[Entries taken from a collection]
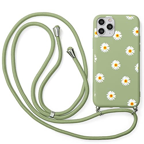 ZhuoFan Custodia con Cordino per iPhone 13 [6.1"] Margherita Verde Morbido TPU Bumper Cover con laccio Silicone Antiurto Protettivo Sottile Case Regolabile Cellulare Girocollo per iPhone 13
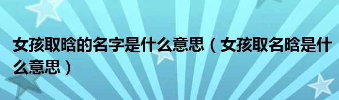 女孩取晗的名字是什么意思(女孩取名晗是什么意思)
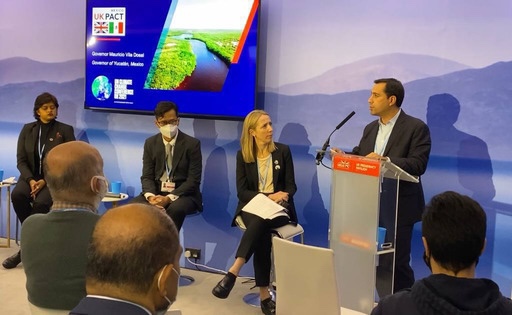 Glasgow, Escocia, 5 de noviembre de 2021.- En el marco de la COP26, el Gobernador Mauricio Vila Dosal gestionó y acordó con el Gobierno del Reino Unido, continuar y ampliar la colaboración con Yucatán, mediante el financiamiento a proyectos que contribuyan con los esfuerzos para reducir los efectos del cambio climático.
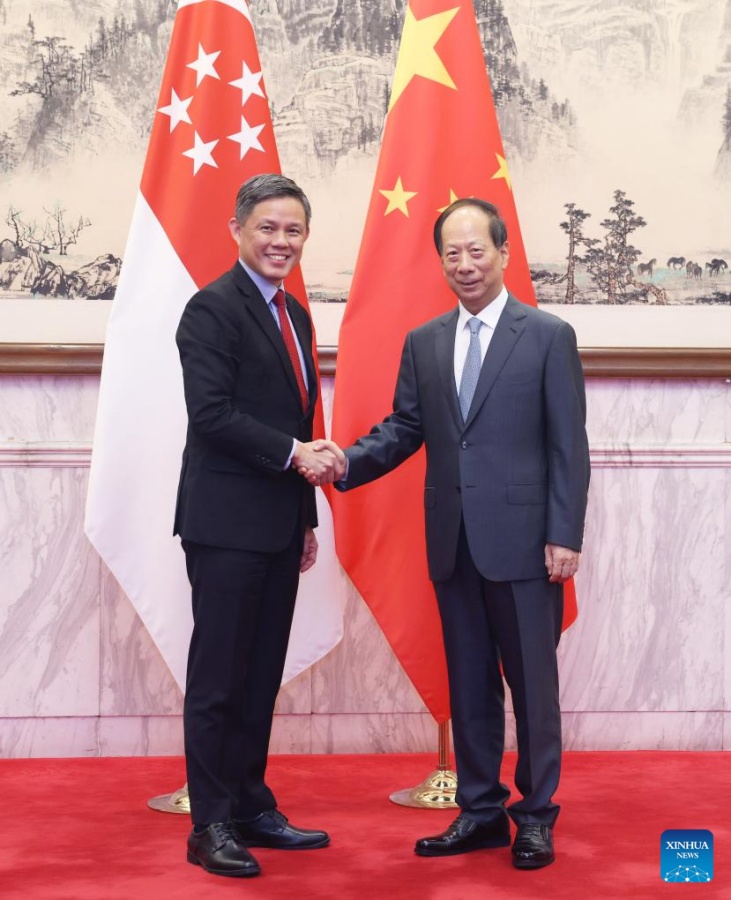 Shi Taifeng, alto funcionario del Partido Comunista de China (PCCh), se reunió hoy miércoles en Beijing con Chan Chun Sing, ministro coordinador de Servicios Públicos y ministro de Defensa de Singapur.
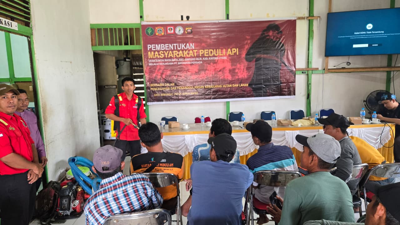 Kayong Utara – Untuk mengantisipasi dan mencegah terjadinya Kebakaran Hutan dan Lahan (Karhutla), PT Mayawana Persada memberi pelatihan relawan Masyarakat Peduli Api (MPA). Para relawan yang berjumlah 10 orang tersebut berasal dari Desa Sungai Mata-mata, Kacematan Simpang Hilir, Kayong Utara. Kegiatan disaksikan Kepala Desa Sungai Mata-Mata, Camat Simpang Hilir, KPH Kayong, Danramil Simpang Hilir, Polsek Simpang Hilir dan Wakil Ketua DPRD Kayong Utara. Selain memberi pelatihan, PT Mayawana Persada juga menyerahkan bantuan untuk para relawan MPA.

**TASK DIRECTIONS**
Please copy exactly, and only, the lines from the one that contains "Glasgow, Escocia, 5" through the last line of the data above, omitting all pictures.

**TASK RESPONSE**
 Glasgow, Escocia, 5 de noviembre de 2021.- En el marco de la COP26, el Gobernador Mauricio Vila Dosal gestionó y acordó con el Gobierno del Reino Unido, continuar y ampliar la colaboración con Yucatán, mediante el financiamiento a proyectos que contribuyan con los esfuerzos para reducir los efectos del cambio climático.
 Shi Taifeng, alto funcionario del Partido Comunista de China (PCCh), se reunió hoy miércoles en Beijing con Chan Chun Sing, ministro coordinador de Servicios Públicos y ministro de Defensa de Singapur.
 Kayong Utara – Untuk mengantisipasi dan mencegah terjadinya Kebakaran Hutan dan Lahan (Karhutla), PT Mayawana Persada memberi pelatihan relawan Masyarakat Peduli Api (MPA). Para relawan yang berjumlah 10 orang tersebut berasal dari Desa Sungai Mata-mata, Kacematan Simpang Hilir, Kayong Utara. Kegiatan disaksikan Kepala Desa Sungai Mata-Mata, Camat Simpang Hilir, KPH Kayong, Danramil Simpang Hilir, Polsek Simpang Hilir dan Wakil Ketua DPRD Kayong Utara. Selain memberi pelatihan, PT Mayawana Persada juga menyerahkan bantuan untuk para relawan MPA.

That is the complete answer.